_Exercise input_
========================================================================
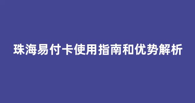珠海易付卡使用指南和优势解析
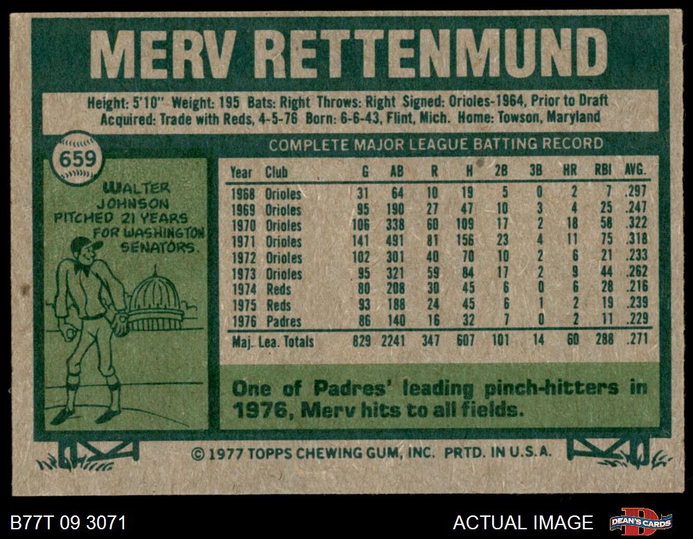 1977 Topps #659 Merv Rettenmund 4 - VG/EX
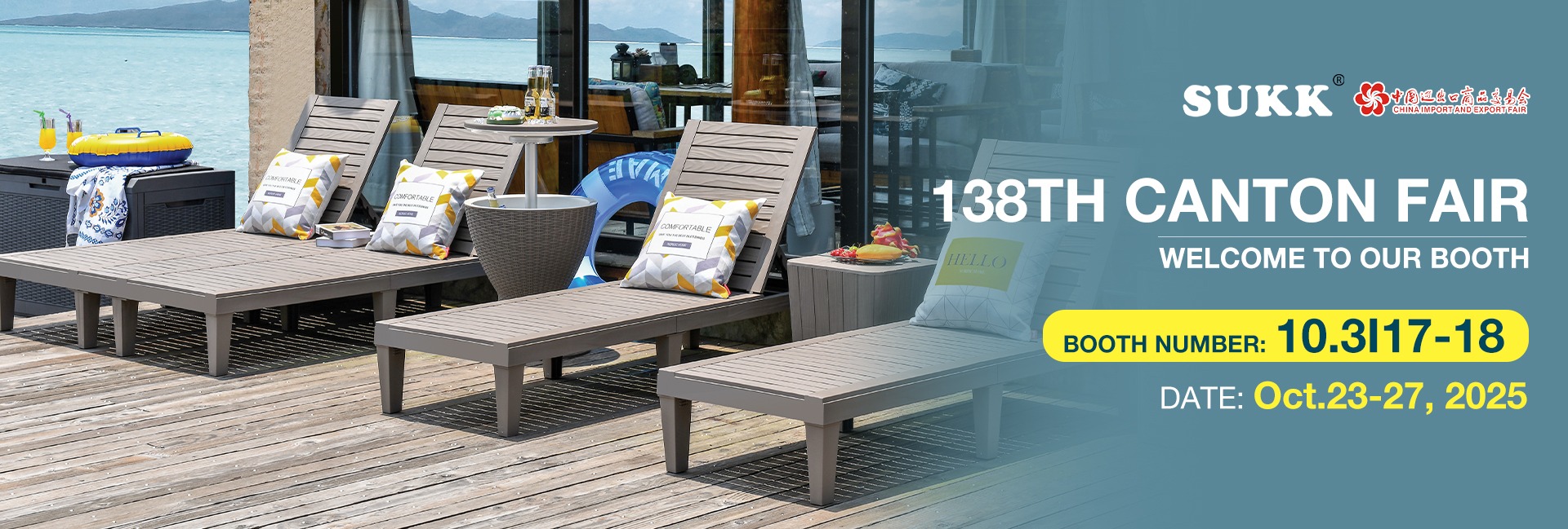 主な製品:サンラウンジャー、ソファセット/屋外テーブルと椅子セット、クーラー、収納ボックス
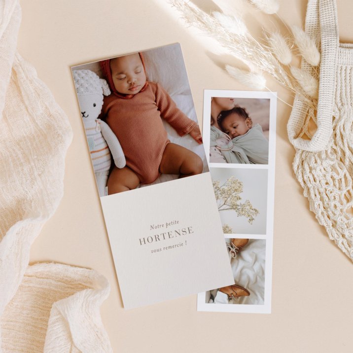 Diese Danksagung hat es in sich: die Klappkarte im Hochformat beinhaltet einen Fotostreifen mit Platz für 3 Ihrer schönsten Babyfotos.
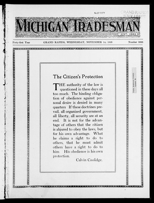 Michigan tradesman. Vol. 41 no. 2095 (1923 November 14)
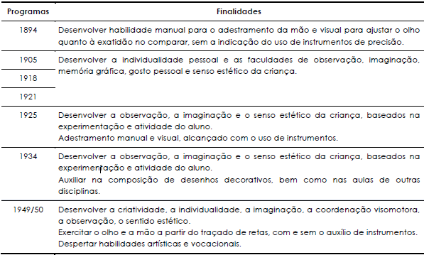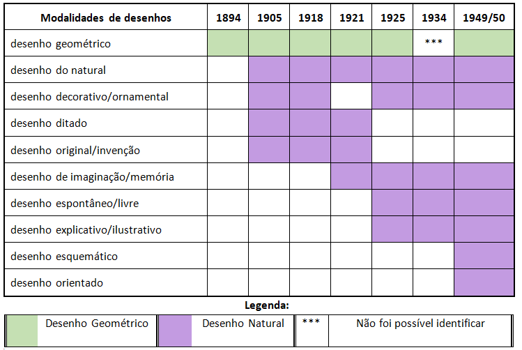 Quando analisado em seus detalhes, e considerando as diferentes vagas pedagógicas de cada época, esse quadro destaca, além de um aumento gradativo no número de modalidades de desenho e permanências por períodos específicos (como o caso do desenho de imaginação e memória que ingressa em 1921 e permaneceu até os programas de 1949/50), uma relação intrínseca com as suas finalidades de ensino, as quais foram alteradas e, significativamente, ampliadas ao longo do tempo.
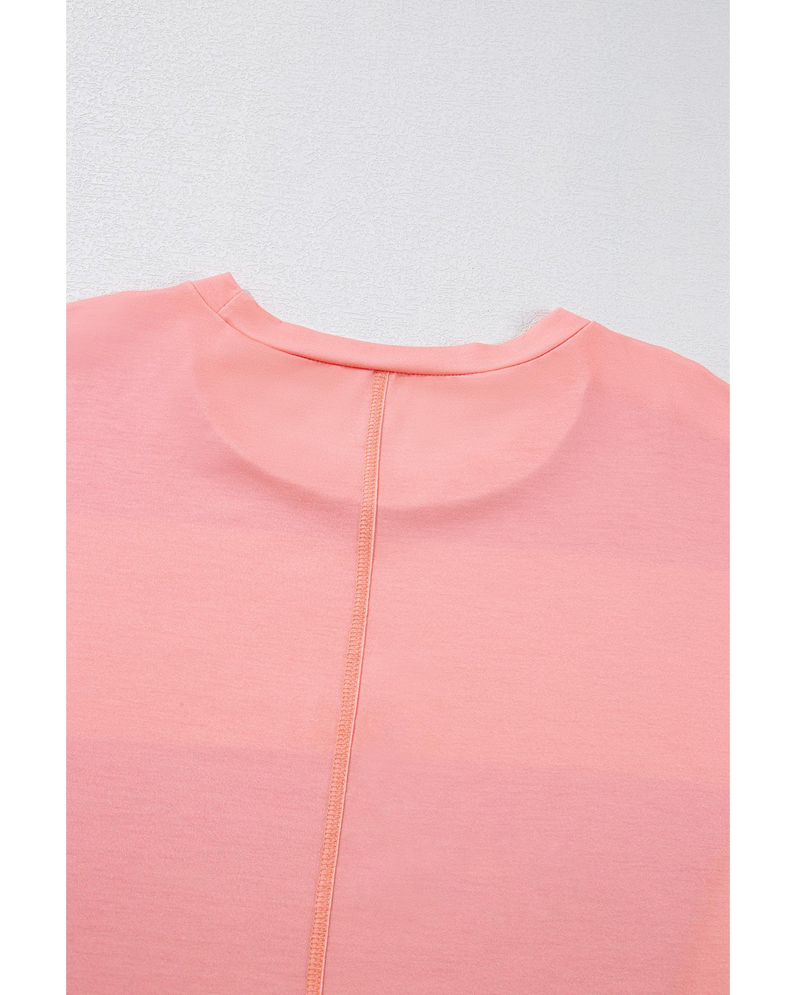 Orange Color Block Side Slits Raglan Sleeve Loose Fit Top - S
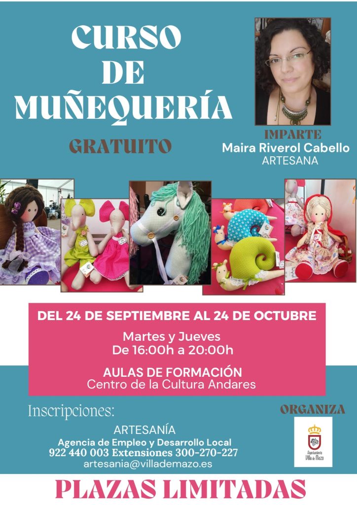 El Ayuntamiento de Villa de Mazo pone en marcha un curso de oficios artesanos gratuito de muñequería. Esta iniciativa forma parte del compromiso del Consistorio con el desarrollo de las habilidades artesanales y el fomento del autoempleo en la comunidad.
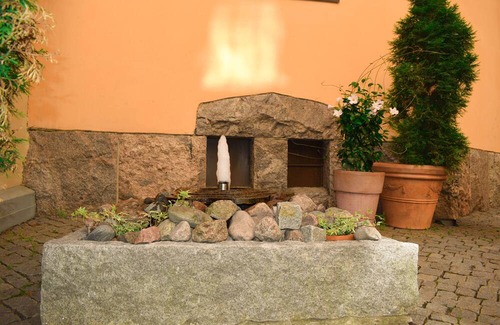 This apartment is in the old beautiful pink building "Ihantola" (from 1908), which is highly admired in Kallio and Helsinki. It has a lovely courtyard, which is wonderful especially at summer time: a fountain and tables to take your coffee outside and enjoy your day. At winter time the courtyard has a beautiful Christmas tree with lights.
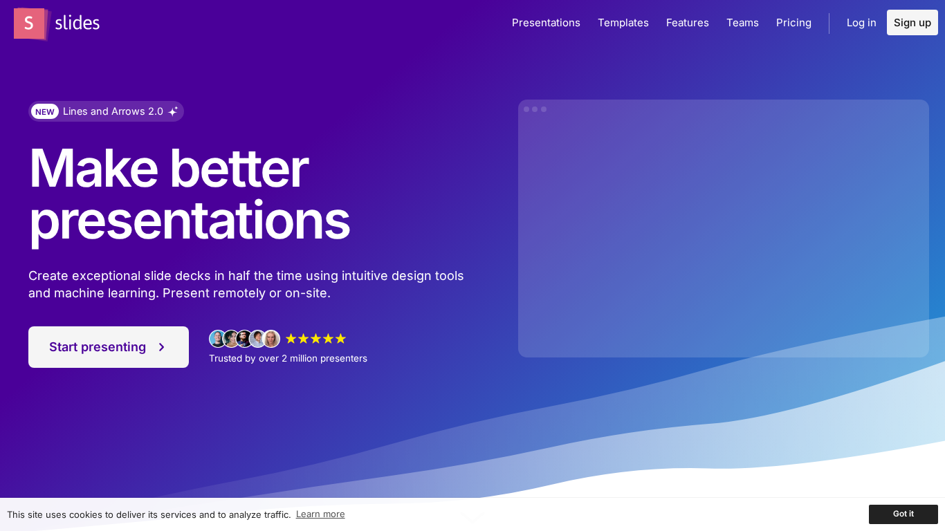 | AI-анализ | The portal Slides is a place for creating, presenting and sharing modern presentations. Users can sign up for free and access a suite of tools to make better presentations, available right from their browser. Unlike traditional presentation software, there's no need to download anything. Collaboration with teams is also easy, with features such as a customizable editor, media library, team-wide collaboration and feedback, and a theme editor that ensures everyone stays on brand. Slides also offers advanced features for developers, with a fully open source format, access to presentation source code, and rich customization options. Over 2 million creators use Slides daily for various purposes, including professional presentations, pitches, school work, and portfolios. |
========================================================================
The material above is to be output exactly, with each picture left out.

珠海易付卡使用指南和优势解析
 1977 Topps #659 Merv Rettenmund 4 - VG/EX
 主な製品:サンラウンジャー、ソファセット/屋外テーブルと椅子セット、クーラー、収納ボックス
 Diese Danksagung hat es in sich: die Klappkarte im Hochformat beinhaltet einen Fotostreifen mit Platz für 3 Ihrer schönsten Babyfotos.
 Michigan tradesman. Vol. 41 no. 2095 (1923 November 14)
 Quando analisado em seus detalhes, e considerando as diferentes vagas pedagógicas de cada época, esse quadro destaca, além de um aumento gradativo no número de modalidades de desenho e permanências por períodos específicos (como o caso do desenho de imaginação e memória que ingressa em 1921 e permaneceu até os programas de 1949/50), uma relação intrínseca com as suas finalidades de ensino, as quais foram alteradas e, significativamente, ampliadas ao longo do tempo.
 Orange Color Block Side Slits Raglan Sleeve Loose Fit Top - S
 El Ayuntamiento de Villa de Mazo pone en marcha un curso de oficios artesanos gratuito de muñequería. Esta iniciativa forma parte del compromiso del Consistorio con el desarrollo de las habilidades artesanales y el fomento del autoempleo en la comunidad.
 This apartment is in the old beautiful pink building "Ihantola" (from 1908), which is highly admired in Kallio and Helsinki. It has a lovely courtyard, which is wonderful especially at summer time: a fountain and tables to take your coffee outside and enjoy your day. At winter time the courtyard has a beautiful Christmas tree with lights.
 | AI-анализ | The portal Slides is a place for creating, presenting and sharing modern presentations. Users can sign up for free and access a suite of tools to make better presentations, available right from their browser. Unlike traditional presentation software, there's no need to download anything. Collaboration with teams is also easy, with features such as a customizable editor, media library, team-wide collaboration and feedback, and a theme editor that ensures everyone stays on brand. Slides also offers advanced features for developers, with a fully open source format, access to presentation source code, and rich customization options. Over 2 million creators use Slides daily for various purposes, including professional presentations, pitches, school work, and portfolios. |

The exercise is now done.